Abstract

This paper accomplishes three goals. First, the essay demonstrates that Edmund Husserl’s theory of meaning consciousness from his 1901 Logical Investigations is internally inconsistent and falls apart upon closer inspection. I show that Husserl, in 1901, describes non-intuitive meaning consciousness as a direct parallel or as a ‘mirror’ of intuitive consciousness. He claims that non-intuitive meaning acts, like intuitions, have substance and represent their objects. I reveal that, by defining meaning acts in this way, Husserl cannot account for our experiences of countersensical, absurd, or impossible meanings. Second, I examine how Husserl came to recognize this 1901 mistake in his 1913/14 Revisions to the Sixth Logical Investigation (Husserliana XX-1/2). I discuss how he accordingly reformulates his understanding of non-intuitive meaning acts from the ground up in those Revisions, where this also allows for him to properly account for the experience of impossible meanings.
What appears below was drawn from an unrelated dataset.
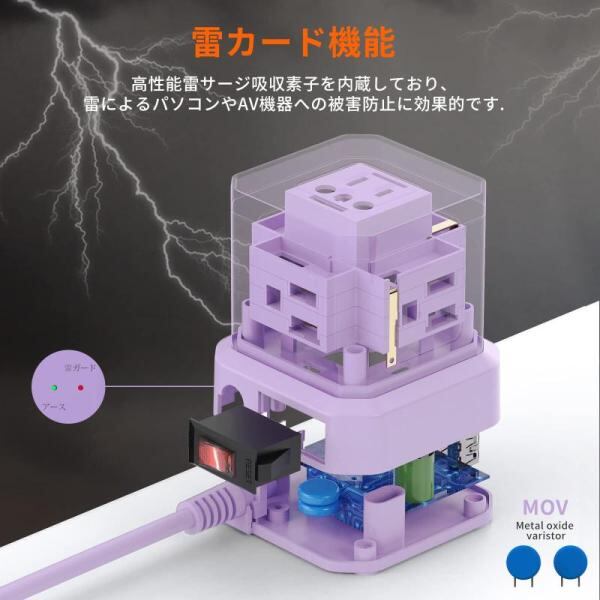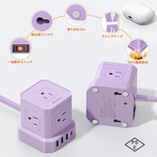 Micshion キューブ型電源タップ(2400W) 延長コード 2m コンセントusb付き 雷ガード 5個AC口 3個USBポート 1個Type-C タコ足配線 テーブルタップ OA マルチタップ 安全保護機能 自宅用 会社用 パープ
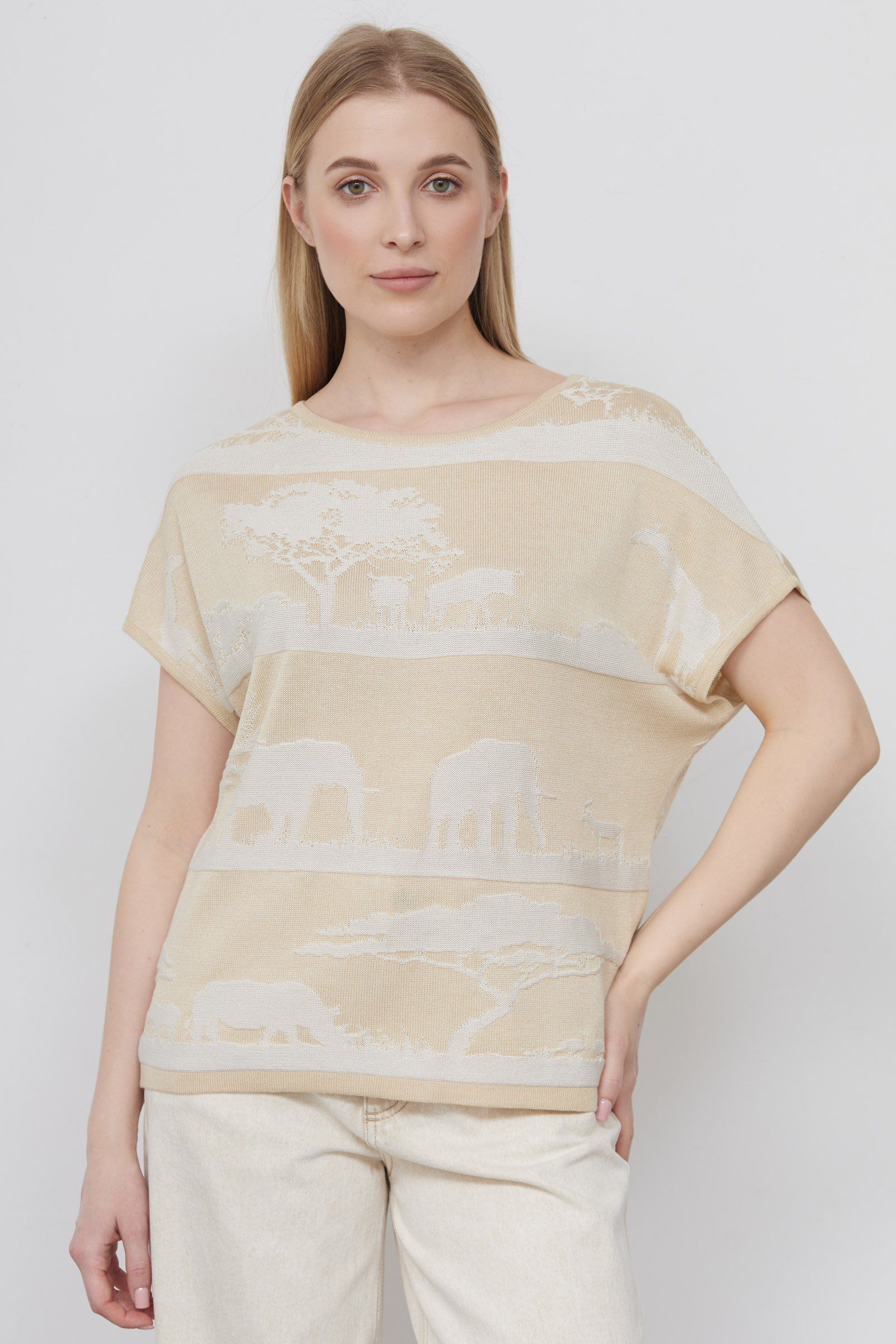Джемпер жаккардовой вязки с короткими рукавами и принтом "сафари".

Instead of describing them as mirrors of intuitions, Husserl takes non-intuitive meaning acts to be modifications of intuitions, where they have no substance and do not represent their objects. Finally, in the conclusion to this essay, I demonstrate how this fundamental change to his understanding of meaning consciousness forced Husserl to revise other central tenets of his philosophy, such that the trajectory of his thought can only be properly understood in light of these revisions to his theory of non-intuitive meaning consciousness.